Building a Second Marriage Estate Plan That Works
At Bordeaux Legacy Law, we understand second marriages because we live them. We help couples navigate these complex dynamics with:
- Clear analysis of separate vs. community property
- Trust structures that balance spouse and children's needs
- Coordination between each spouse's plan
- Regular reviews as your family evolves
Frequently Asked Questions
Do we need a prenuptial agreement if we're doing estate planning?
They serve different purposes. A prenuptial agreement addresses property division if you divorce. Estate planning addresses what happens if you die. Many second-marriage couples benefit from both, and they should be coordinated to avoid conflicts.
Can my new spouse change my estate plan after I die?

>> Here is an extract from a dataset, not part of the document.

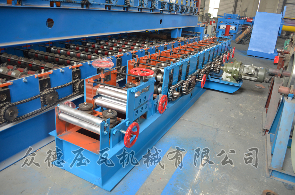 描述:主要技术参数 1. 被动放料:手动涨紧,被动放料 2. 放料架承重:10T 3. 机架:采用 350 H钢焊接,中板厚 20 MM 4. 成型机导向进料架形式:侧向滚轮式 5. 成型机形式:墙板式链传动 6. 轴径

If you leave assets outright to your spouse, they have complete control and can do whatever they want—including changing their own plan to exclude your children. A trust with clear terms and independent trustee protection prevents this.
What if my children don't get along with my new spouse?
This is common and makes trustee selection even more important. Consider an independent professional trustee who has no loyalty to either side. Also ensure your trust has clear terms that limit discretion and potential for conflict.
Should we have separate or joint estate plans?
Many second-marriage couples benefit from separate trusts for separate property, with coordination on shared assets. This allows each spouse to provide for their own children while still planning together for community property.